Una sensación parecida experimentó hace 25 años el andrólogo Fernando Vásquez, director del programa de Salud Sexual y Reproductiva de la Universidad del Norte, de Barranquilla. Confirmar bajo el lente que tenía todo el potencial para procrear resultó una noticia tan memorable, que en 1998 se le ocurrió compartir el método con adolescentes.
La intuición le decía que la observación del líquido seminal y de los espermatozoides en vivo y en directo les permitiría adoptar medidas tempranas ante señales de infertilidad, convencerse de que las infecciones de transmisión sexual eran reales y, especialmente, ser conscientes de que las relaciones prodigaban placer pero al mismo tiempo engendraban responsabilidades. Así que -una vez obtenido el visto bueno de padres y profesores- reclutó a 161 voluntarios de entre 12 y 18 años y les pidió una muestra de esperma.
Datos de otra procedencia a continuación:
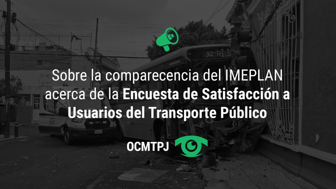 Desde el Observatorio Ciudadano de Movilidad y Transporte Público de Jalisco manifestamos nuestra profunda preocupación por lo expuesto durante la comparecencia de la directora del IMEPLAN, Patricia Martínez, ante el Congreso del Estado, en relación con la Encuesta de Satisfacción a Usuarios del Transporte Público. Lejos de fortalecer la discusión pública sobre la calidad del servicio, dicha comparecencia evidenció una encuesta técnicamente endeble, jurídicamente utilizada como simulación y políticamente funcional para justificar un aumento tarifario previamente decidido.
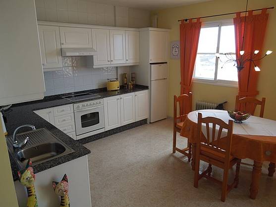 Die Küche ist zum Wohn- und Esszimmer hin offen, was zu einem hellen Ambiente führt. Das Wohnzimmer bietet ein kuscheliges Sofa mit SAT-TV. Im Essbereich haben 3-4 Personen Platz. Das Badezimmer verfügt über eine Dusche/Badewanne und eine Waschmaschine.
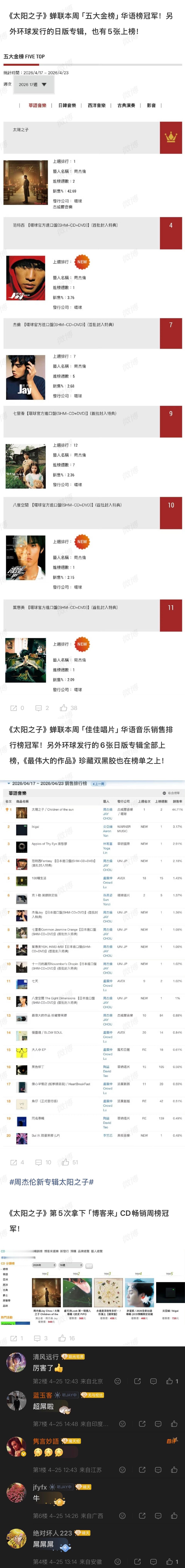周杰伦 《太阳之子》数字专辑销售额突破1.3亿 蝉联本周「五大金榜」华语榜冠军 日版也有5张上榜 5次拿下「博客来」CD畅销周榜冠军 蝉联本周「佳佳唱片」华语音乐销售榜冠军 6张日版全部上榜 KKBOX TW新歌排行榜前20 继续横扫前12名 已横扫4周 Spotify全球播放量最高的100首中文歌曲 周杰伦19首断层第1

La gran mayoría de los estudiantes no ocultó la emoción al ver sus gametos en el microscopio o proyectados en un televisor.
Pero más allá del orgullo inmediato que a muchos produjo "sentirse hombres", la observación confirmó sus beneficios unos años después: en 2004, cuando casi todos los muchachos estaban en sus veintes, Vásquez los contactó nuevamente y constató que entre ellos eran excepcionales las infecciones de transmisión sexual y los embarazos no deseados.
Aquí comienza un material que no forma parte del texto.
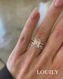 This three-piece ring set was designed for the woman who appreciates clean lines and timeless shapes, featuring a stunning 3.5 carat emerald cut center stone complemented by a marquise cut wedding band and a matching emerald cut wedding band. Crafted in sterling silver, each piece offers a unique silhouette that harmonizes perfectly, making this set ideal for both special occasions and everyday wear. Celebrate your journey with a look that’s bold yet elegant.
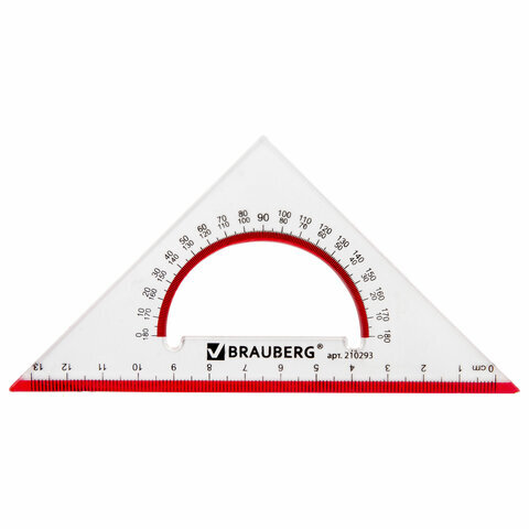 Прозрачный треугольник BRAUBERG с транспортиром предназначен для чертёжных и измерительных работ.

Entusiasmado con el potencial pedagógico del ejercicio, el médico barranquillero se hizo a la tarea de replicarlo con población universitaria y, otra vez, los resultados parecían decir, como el apóstol Tomás, "hay que ver para creer": el 100% de los jóvenes recomendó esta estrategia para tener consciencia reproductiva; el 93% lo consideró persuasivo sobre la importancia de la planificación familiar, y el 76% para prevenir infecciones de transmisión sexual. "Cuando la mujer menstrúa siente molestias y eso la hace más consciente de su fertilidad; cuando el hombre eyacula siente placer y no tiene muy en cuenta que es un ser reproductor -asegura Fernando Vásquez-. Por eso, ofrecerles esta experiencia les permite estructurar mejor su proyecto de vida, los aterriza y los hace conscientes de que un embarazo no planeado o una infección pueden dañar sus vidas".